Grant will fund new language classes and outreach programs
The Center for Asian Studies, CAS, at CU has been awarded two grants totaling $1.8 million and is now one of only three National Resource Centers for Asian Studies in the nation.
The four-year grants were awarded by the U.S. Department of Education and will fund library acquisitions, K-12 outreach programs, graduate student fellowships and new language classes in Farsi and Indonesian.
According to the director of CAS, Laurel Rodd, the organization is interdisciplinary and represents 83 faculty members, five professional schools and 20 academic departments.
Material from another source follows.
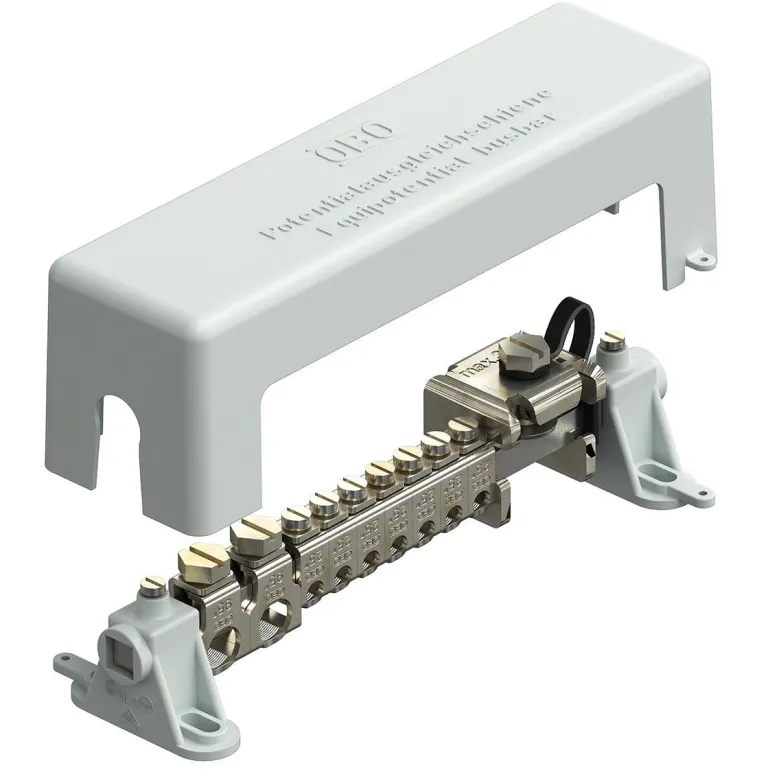 Potentiaalitasauskisko potentiaalintasaukseen SS 4364000:n kohdan 410 mukaisesti ja salamasuojaukseen SS EN 62305-3 Bbl5:n mukaisesti. Kisko nikkelipinnoitettua messinkiä, kansi ja kiinnityslevy polystyrolia.

“When you go for the NRC (National Resource Centers) grant, your program already has to have a lot of strengths,” Rodd said. “The grants are quite an endorsement of what we were already doing, but they also give us an opportunity to build.”
The CAS hopes the grant will help to improve the university’s language program.
“For a university of its size, CU has traditionally offered very few language classes,” Rodd said.
Chinese and Japanese were added to the curriculum after World War II, and Korean, Arabic and Hindi languages are now offered.
Farsi and Indonesian, which will begin in fall 2007 after a national search for instructors, were chosen because they had the most student interest. There are also many heritage speakers of those languages on the CU campus, Rodd said.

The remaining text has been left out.